Окружавшая их толпа тоже смеялась. Потому что объективно это и в самом деле было смешно: маленький человечек на деревянной бочке, с остатками бороды, укорачивающейся с каждым взмахом портняжных ножниц. Прямо тебе киношный гэг.

Гетто тогда еще не было, так что ужаса происходящего не ощущалось. Ведь ничего страшного с евреем не происходило, разве что стало ясно: можно безнаказанно загнать человека на бочку, это ненаказуемо, и человек этот вызывает смех.

И знаешь что?

Я тогда понял, что самое главное - не позволить загнать себя на бочку. Никогда, никому. Понимаешь?

Все, что я делал потом, - я делал для того, чтобы не позволить себя никуда загнать.

- Но ведь война только началась, и ты еще мог уехать. Твои друзья переходили нелегально границу, убегали туда, где не было бочек…

- Это были другие люди. Замечательные ребята из культурных семей. Они прекрасно учились, в квартирах у них были телефоны и на стенах висели красивые картины. Не какие-нибудь там репродукции - подлинники. Рядом с ними я был никто. Я не принадлежал к обществу. Учился хуже, пел хуже, не умел ездить на велосипеде и не имел своего дома, потому что моя мать умерла, когда мне было четырнадцать лет. (Colitis ulceroza, гнойное воспаление кишечника. Первый в моей жизни пациент страдал точно таким же заболеванием. Но тогда уже были энкортон и пенициллин, и он поправился за две недели.)

О чем мы говорили?

- Что твои друзья уехали.

- Видишь ли, до войны я говорил евреям, что их место здесь, в Польше. Что здесь будет социализм и они должны остаться. Ну и когда они остались, и началась война, и с евреями стало происходить то, что происходило, - я что, должен был отсюда уехать?

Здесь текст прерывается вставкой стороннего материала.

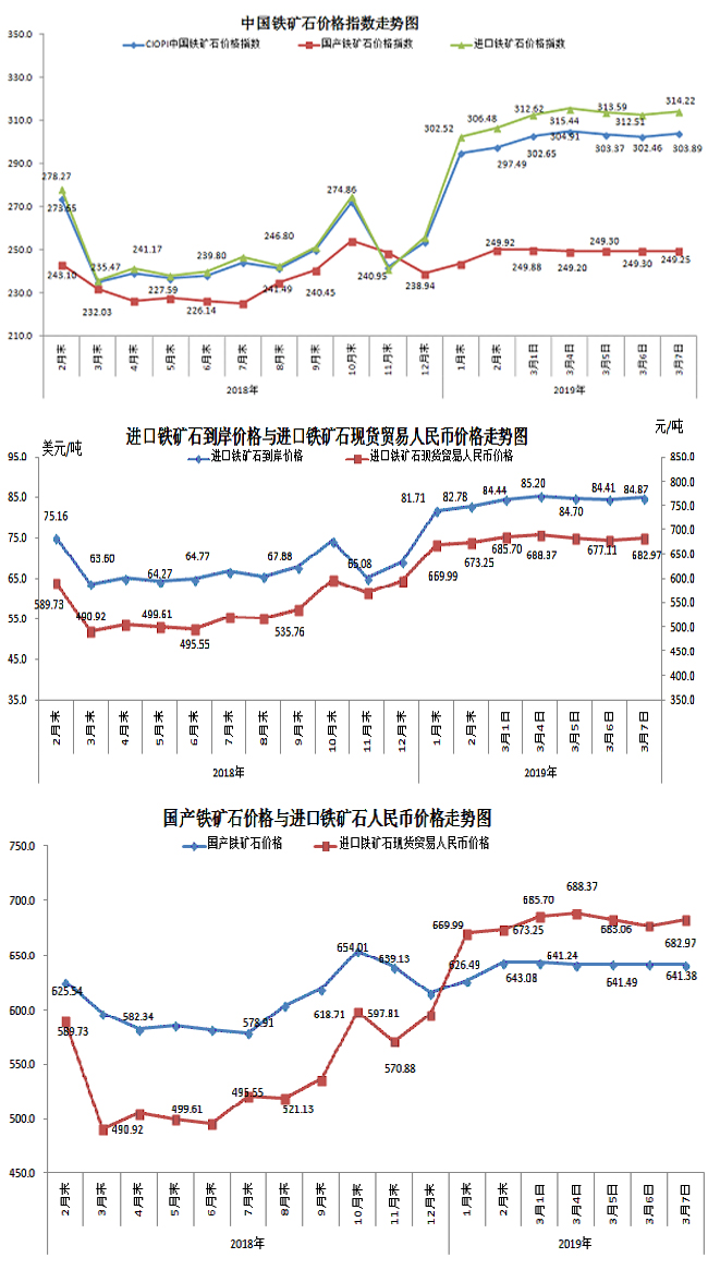 3月7日,中國鐵礦石價格指數(CIOPI)303.89點,環比上升1.43點,升幅為0.47%。其中:國產鐵礦石價格指數為249.25點,環比下降0.04點,降幅為0.02%;進口鐵礦石價格指數為314.22點,環比上升1.70點,升幅為0.54%。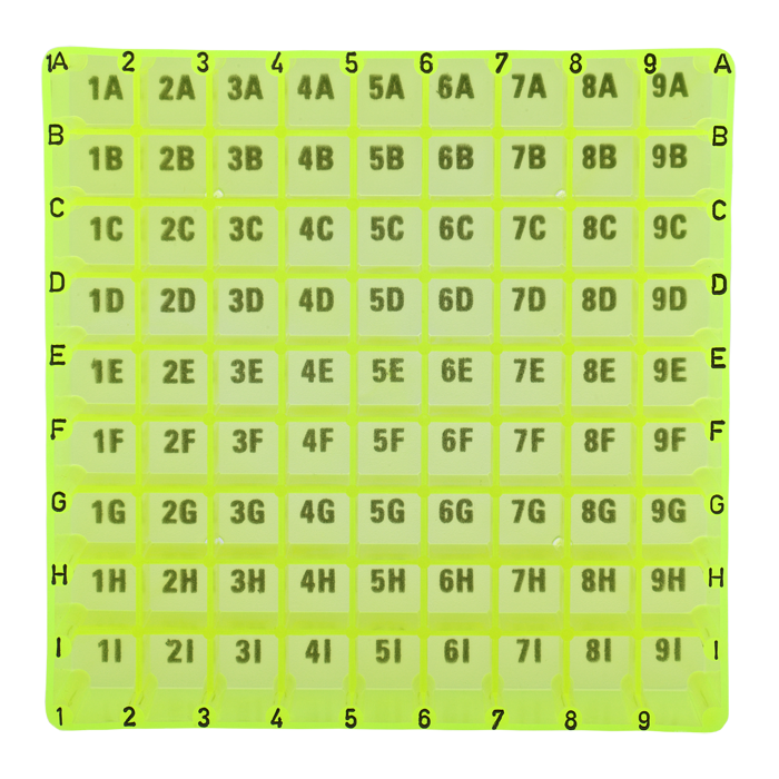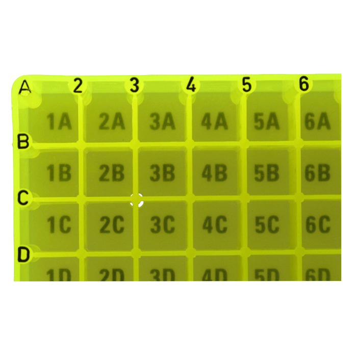 Alpha numeric indexing coded on bottom of wells and along the sides of the box for clear sample identification.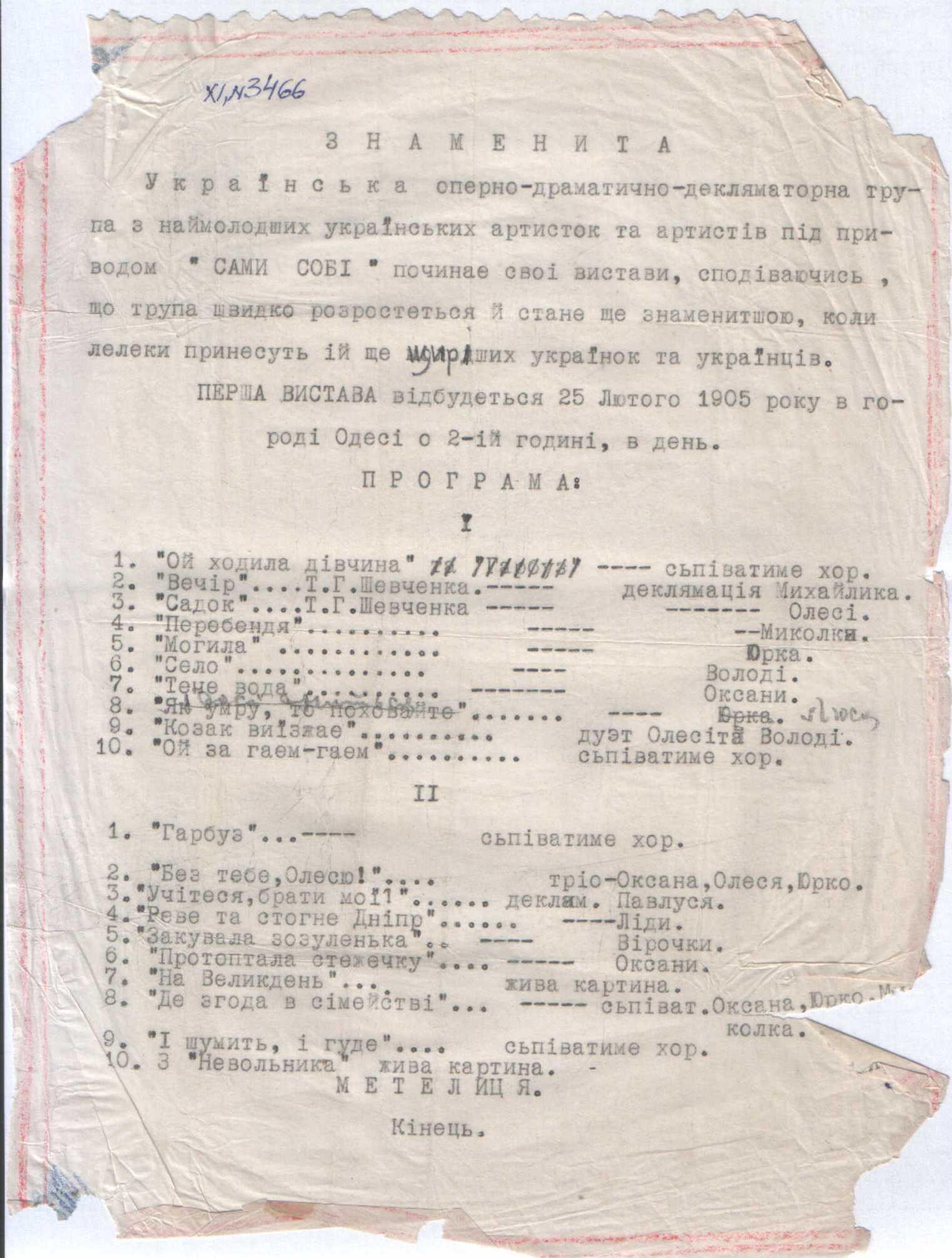 22. Програма вечора української оперно-драматично-декламаторської трупи з наймолодших українських артисток та артистів «Самі собі». Примітка: [у складі трупи діти С.П. Щелухіна]. Одеса, 25 лютого 1905 р. (ІР НБУВ, ф. ХІ, од. зб. 3466)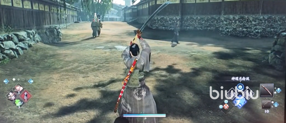 Step 2:在第三段刀刃触敌瞬间:按住R1(防御键)保持架势稳定,右摇杆快速向右滑动(触发流派右切);

После войны мои друзья стали кто директором японского концерна, кто американским физиком-ядерщиком, кто профессором университета. Очень способные были ребята, я тебе говорил.

- Но к тому времени и ты уже подтянулся. Уже считался героем. Они могли принять тебя в свое блестящее общество.

- Они меня звали. Но я проводил на Умшлагплац четыреста тысяч человек. Я сам, лично. Все проходили мимо меня, пока я стоял там у ворот…

Послушай: перестань наконец задавать дурацкие вопросы. "Почему остался? почему остался?"

- Да я вообще тебя об этом не спрашиваю.

- …

- Ну?

- Что "ну"?

- Поговорим о цветах. Не все ли равно, о чем говорить. Давай о цветах. В каждую годовщину восстания ты получаешь цветы, неизвестно от кого. Уже тридцать два букета.

- Тридцать один. В шестьдесят восьмом я цветов не получил. Обидно было, но уже на следующий год получил снова и получаю до сих пор. Как-то раз это были лютики, в прошлом году - розы, в этом - нарциссы; и всегда цветы желтые. Приносит их, не говоря ни слова, рассыльный из цветочного магазина.

- Не знаю, нужно ли нам об этом писать. Анонимные желтые цветы… Дешевая литература. К тебе вообще липнут банальные истории. Взять хотя бы этих проституток, которые каждый день кормили тебя булками. Кстати, стоит ли писать, что в гетто были проститутки?

- Не знаю. Наверно, не стоит. В гетто должны быть мученицы и Жанны д'Арк, верно? Но если хочешь знать, в бункере на Милой с группой Анелевича было несколько проституток и даже их сутенер. Такой, весь в татуировке, здоровенный, с бицепсами. А девушки были хорошие, хозяйственные. Мы перебрались к ним в бункер, когда наш участок загорелся; там были все - Анелевич, Целина, Лютек, Юрек Вильнер, - и мы так радовались, что пока еще вместе… Девушки накормили нас, а у Гуты были сигареты "Юно". Это был один из лучших дней в гетто.

Когда мы потом пришли, и они уже это сделали, и не было больше ни Анелевича, ни Лютека, ни Юрека Вильнера, - девушек мы нашли в соседнем подвале.

На следующий день мы уходили по каналам.

Спустились все, я был последним, и одна из девушек спросила, можно ли им выйти с нами на арийскую сторону. А я ответил: нет.

Вот видишь.

Очень тебя прошу, не заставляй меня сейчас объяснять, почему я тогда сказал "нет".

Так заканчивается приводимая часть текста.